WORK REQUIRED -> Word for word, the data below must be repeated in full; no picture is to be included.

■ ■ ■ ■

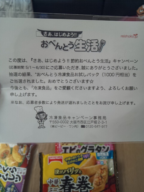 JUGEMテーマ:懸賞、プレゼント こんにちは。たにけです。 突然のピーポーン。冷凍の何かが届いたんですね。 だれもなんも買ってへんで〜。いや、誰かなんか注文 したんちゃーん。 受領印押しと、「ごくろーさんです〜」 なにやら怪しげなシルバーの保冷バッグ。 さっそく開けてみましょう! レッツオープン! 懸賞やん!これ!何ヶ月前の応募?? 1000円相当! いいじゃないですか!久しぶりですね。 前回の当選品は、福島のお米5キロだったかな。 はい...
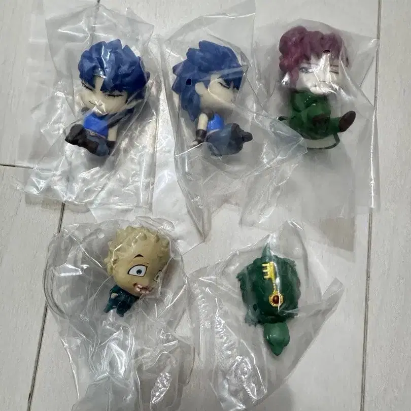 죠죠의 기묘한 모험 캐릭터가 모두 모인 5개의 미니 피규어 세트, 미개봉 상태의 플라스틱 재질.
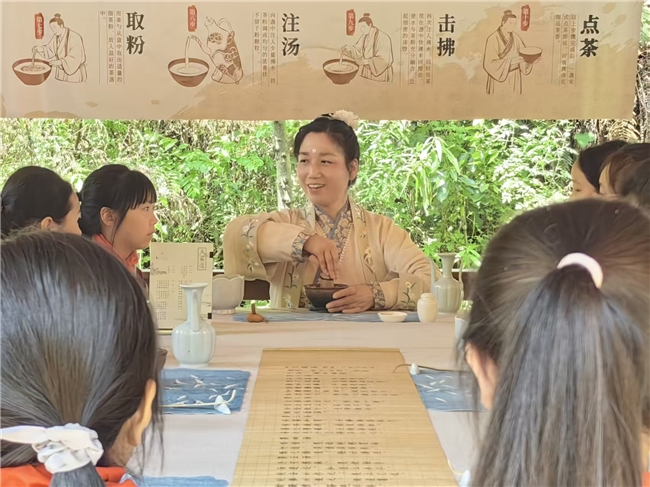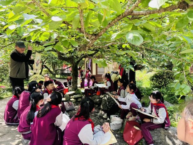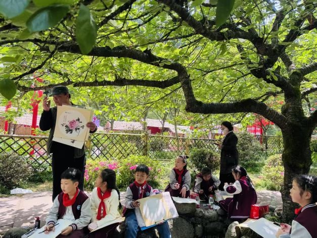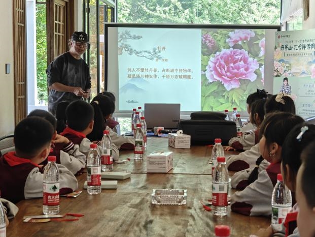 4月14日下午,丹景山春意正浓,牡丹竞放,在这片诗与花交织的土地上,“花香伴读同行”活动温情开展,将自然胜景与文化雅集完美相融。著名阅读推广人夏昆老师正与孩子们围坐一堂。他从唐诗宋词中采撷牡丹佳句,赏析千古名篇的灵动韵味,指导写作创作的妙法巧思,让文字的力量在花间流淌;四川省美术家协会会员张晓波执笔相授,以丹青妙笔绘就牡丹的雍容之态、高洁之魂,更在绘画开篇融入“绿书签”科普,引导孩子们远离盗版、守护正版阅读的纯粹;国家高级茶艺师蔡燕则带来盏中点茶雅艺,一斟一酌间,尽显“盏中丹青”的东方美学,让市民在茶香氤氲里,静享阅读与非遗交织的悠然时光。
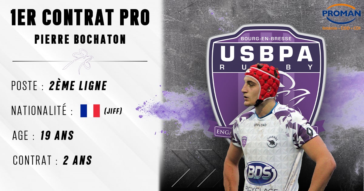 L’USBPA et Proman Bourg-en-Bresse vous annoncent la signature du premier contrat professionnel pour Pierre Bochaton ! Ce jeune deuxième ligne, formé au club, a déjà pu partager certains entraînements avec les pros durant la saison écoulée.
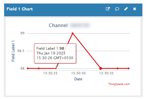 Observe the ADC data written on field 1 of the ThingSpeak channel on your Simulink model.
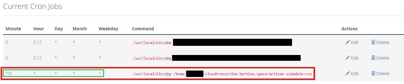 • */5 * * * * /usr/local/bin/php /home/username/YOURDOMAINPATH/artisan schedule:run
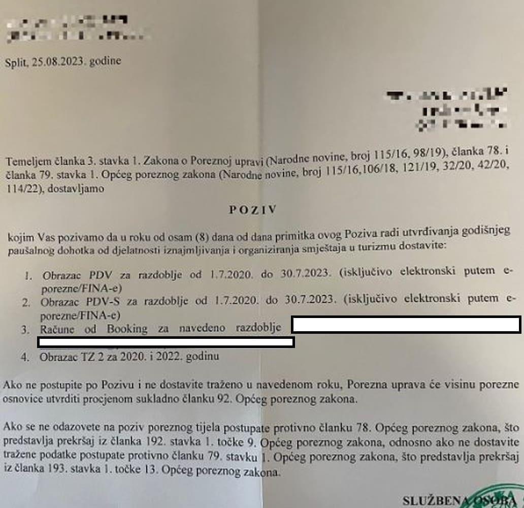 Marija dobiva poziv od Porezne uprave. Traže da dostavi PDV, PDV-S i račune od Bookinga. Ako ne dostavi traženo, Porezna će visinu porezne osnovice utvrditi procjenom sukladno članku 92. Općeg poreznog zakona.
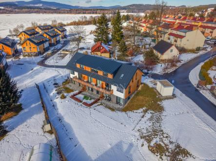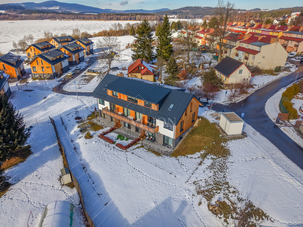V oblíbené lokalitě Černá v Pošumaví nabízíme k prodeji plně vybavený byt 1+kk o ploše 19 m², který se nachází v moderním rezidenčním projektu. Nemovitost je ideální volbou jak pro vlastní rekreaci či druhé bydlení, tak jako atraktivní investice v jedné z nejvyhledávanějších rekreačních oblastí u Lipna. Byt je již zavedený a úspěšně využívaný pro krátkodobé pronájmy, což umožňuje okamžité navázání na stávající provoz bez nutnosti dalších investic. Jedná se o byt v osobním vlastnictví, umístěný v přízemí domu, díky čemuž nabízí bezbariérový přístup a vysoký komfort užívání. Součástí prodeje je vyhrazené parkovací stání, které je již zahrnuto v ceně. Dispozici bytu tvoří světlá obytná místnost s plně vybaveným kuchyňským koutem, prakticky uspořádaná pro odpočinek, vaření i práci. Koupelna je vybavena moderním sprchovým koutem a toaletou. Byt se prodává kompletně vybavený a je ihned připraven k bydlení nebo dalšímu pronájmu. Celý objekt splňuje vysoké standardy kvality a energetická třída C – velmi úsporná zajišťuje nízké provozní náklady a komfortní bydlení po celý rok. Pokud vás nabídka zaujala, neváhejte nás kontaktovat.
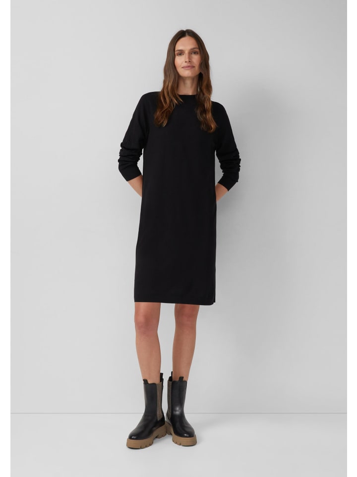 Это уютное короткое платье из тонкого трикотажа порадует вас приятным мягким материалом и согревающими свойствами. Эластичный классический крой и фирменные ребристые детали на длинных рукавах сочетают комфорт с непринужденным, повседневным стилем - идеально для отдыха.

■ ■ ■ ■

TASK ANSWER ->
 JUGEMテーマ:懸賞、プレゼント こんにちは。たにけです。 突然のピーポーン。冷凍の何かが届いたんですね。 だれもなんも買ってへんで〜。いや、誰かなんか注文 したんちゃーん。 受領印押しと、「ごくろーさんです〜」 なにやら怪しげなシルバーの保冷バッグ。 さっそく開けてみましょう! レッツオープン! 懸賞やん!これ!何ヶ月前の応募?? 1000円相当! いいじゃないですか!久しぶりですね。 前回の当選品は、福島のお米5キロだったかな。 はい...
 죠죠의 기묘한 모험 캐릭터가 모두 모인 5개의 미니 피규어 세트, 미개봉 상태의 플라스틱 재질.
 4月14日下午,丹景山春意正浓,牡丹竞放,在这片诗与花交织的土地上,“花香伴读同行”活动温情开展,将自然胜景与文化雅集完美相融。著名阅读推广人夏昆老师正与孩子们围坐一堂。他从唐诗宋词中采撷牡丹佳句,赏析千古名篇的灵动韵味,指导写作创作的妙法巧思,让文字的力量在花间流淌;四川省美术家协会会员张晓波执笔相授,以丹青妙笔绘就牡丹的雍容之态、高洁之魂,更在绘画开篇融入“绿书签”科普,引导孩子们远离盗版、守护正版阅读的纯粹;国家高级茶艺师蔡燕则带来盏中点茶雅艺,一斟一酌间,尽显“盏中丹青”的东方美学,让市民在茶香氤氲里,静享阅读与非遗交织的悠然时光。
 L’USBPA et Proman Bourg-en-Bresse vous annoncent la signature du premier contrat professionnel pour Pierre Bochaton ! Ce jeune deuxième ligne, formé au club, a déjà pu partager certains entraînements avec les pros durant la saison écoulée.
 Observe the ADC data written on field 1 of the ThingSpeak channel on your Simulink model.
 • */5 * * * * /usr/local/bin/php /home/username/YOURDOMAINPATH/artisan schedule:run
 Marija dobiva poziv od Porezne uprave. Traže da dostavi PDV, PDV-S i račune od Bookinga. Ako ne dostavi traženo, Porezna će visinu porezne osnovice utvrditi procjenom sukladno članku 92. Općeg poreznog zakona.
V oblíbené lokalitě Černá v Pošumaví nabízíme k prodeji plně vybavený byt 1+kk o ploše 19 m², který se nachází v moderním rezidenčním projektu. Nemovitost je ideální volbou jak pro vlastní rekreaci či druhé bydlení, tak jako atraktivní investice v jedné z nejvyhledávanějších rekreačních oblastí u Lipna. Byt je již zavedený a úspěšně využívaný pro krátkodobé pronájmy, což umožňuje okamžité navázání na stávající provoz bez nutnosti dalších investic. Jedná se o byt v osobním vlastnictví, umístěný v přízemí domu, díky čemuž nabízí bezbariérový přístup a vysoký komfort užívání. Součástí prodeje je vyhrazené parkovací stání, které je již zahrnuto v ceně. Dispozici bytu tvoří světlá obytná místnost s plně vybaveným kuchyňským koutem, prakticky uspořádaná pro odpočinek, vaření i práci. Koupelna je vybavena moderním sprchovým koutem a toaletou. Byt se prodává kompletně vybavený a je ihned připraven k bydlení nebo dalšímu pronájmu. Celý objekt splňuje vysoké standardy kvality a energetická třída C – velmi úsporná zajišťuje nízké provozní náklady a komfortní bydlení po celý rok. Pokud vás nabídka zaujala, neváhejte nás kontaktovat.
 Это уютное короткое платье из тонкого трикотажа порадует вас приятным мягким материалом и согревающими свойствами. Эластичный классический крой и фирменные ребристые детали на длинных рукавах сочетают комфорт с непринужденным, повседневным стилем - идеально для отдыха.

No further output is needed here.